The State Prosecutor's Office yesterday dropped all charges against a prominent Israeli journalist who had been suspected of rape. The investigators concluded that journalist Adam Shuv was probably not guilty.
"Regretfully, almost all media acted immorally in reporting about my case," Shuv said in a letter to various media outlets.
"Some unethically and prematurely reported on the fact that I had been called in for questioning. Others made false reports about suspicions, complaints and details that never happened, and were never included in the police case."
Shuv had been suspected of having unlawful sex with one minor and of committing indecent acts with another. He worked until recently as the editor of TheMarker Cafe, the social networking site of Haaretz's sister publication, TheMarker. Before that, Shuv was a crime reporter.
Shuv's attorney, Lior Epstein, said after the decision to drop the charges that "the public's right to know must not be confused with the public's right to peep."
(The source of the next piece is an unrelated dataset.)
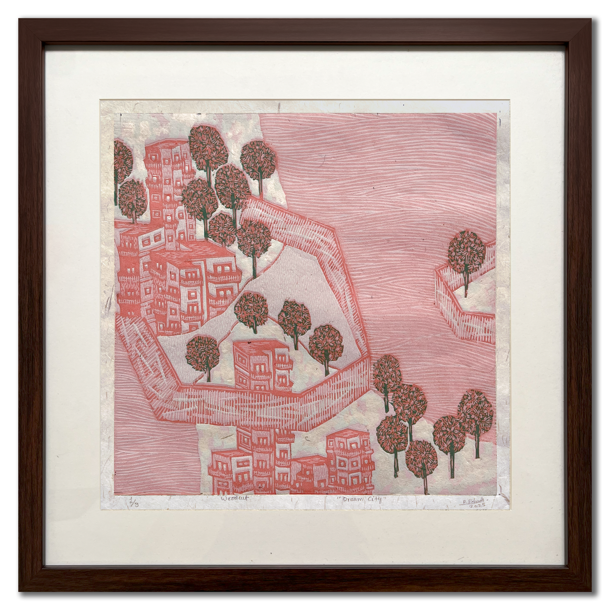 Payal Rokade, is an up and coming artist from Umred, a small town in Maharashtra. Her close relationship with nature is the foundation of her work, reflecting the harmony, complexity, and the fragility of this connection. As she moved to a large city, she noticed that the calm of nature was replaced by the relentless rush of urban life—the constant hum of cars, hurried footsteps, and a silence where nature once thrived. This shift had a deep impact that began to surface in her dreams. One recurring nightmare featured a world where nature had vanished, leaving only towering buildings behind—a chilling image that resonated with the irregular climate patterns we now witness. This dream became the inspiration for this series, Dream City....Through her work, Payal continues to explore the complex relationship between nature and humanity. As we move forward in our pursuit of progress, we often forget that nature, too, is unstoppable. There is an urgent need to preserve the delicate balance between human advancement and the natural world. Payal strives to show the beauty and importance of this relationship, and the consequences if it is neglected.

Epstein complained that the media was focusing on the opening of criminal investigations instead of their findings. "Shuv was sentenced in the media's court, but the case's closing will be marginalized because it's only a follow-up story," the attorney added.
In his letter, Shuv wrote: "During these difficult times, I find myself reckoning with my own actions as a reporter. I'm asking myself whether I had been sensitive enough to the dignity and presumed innocence of suspects. I hope this affair will prove to be a turning point in the way the media handles similar cases."
Police arrested Shuv early last month, releasing him to house arrest the following day.
After the arrest, a spokesman for the Tel Aviv District Police said the minor's complaints had been examined over the past two weeks, leading police to decide that an investigation was justified.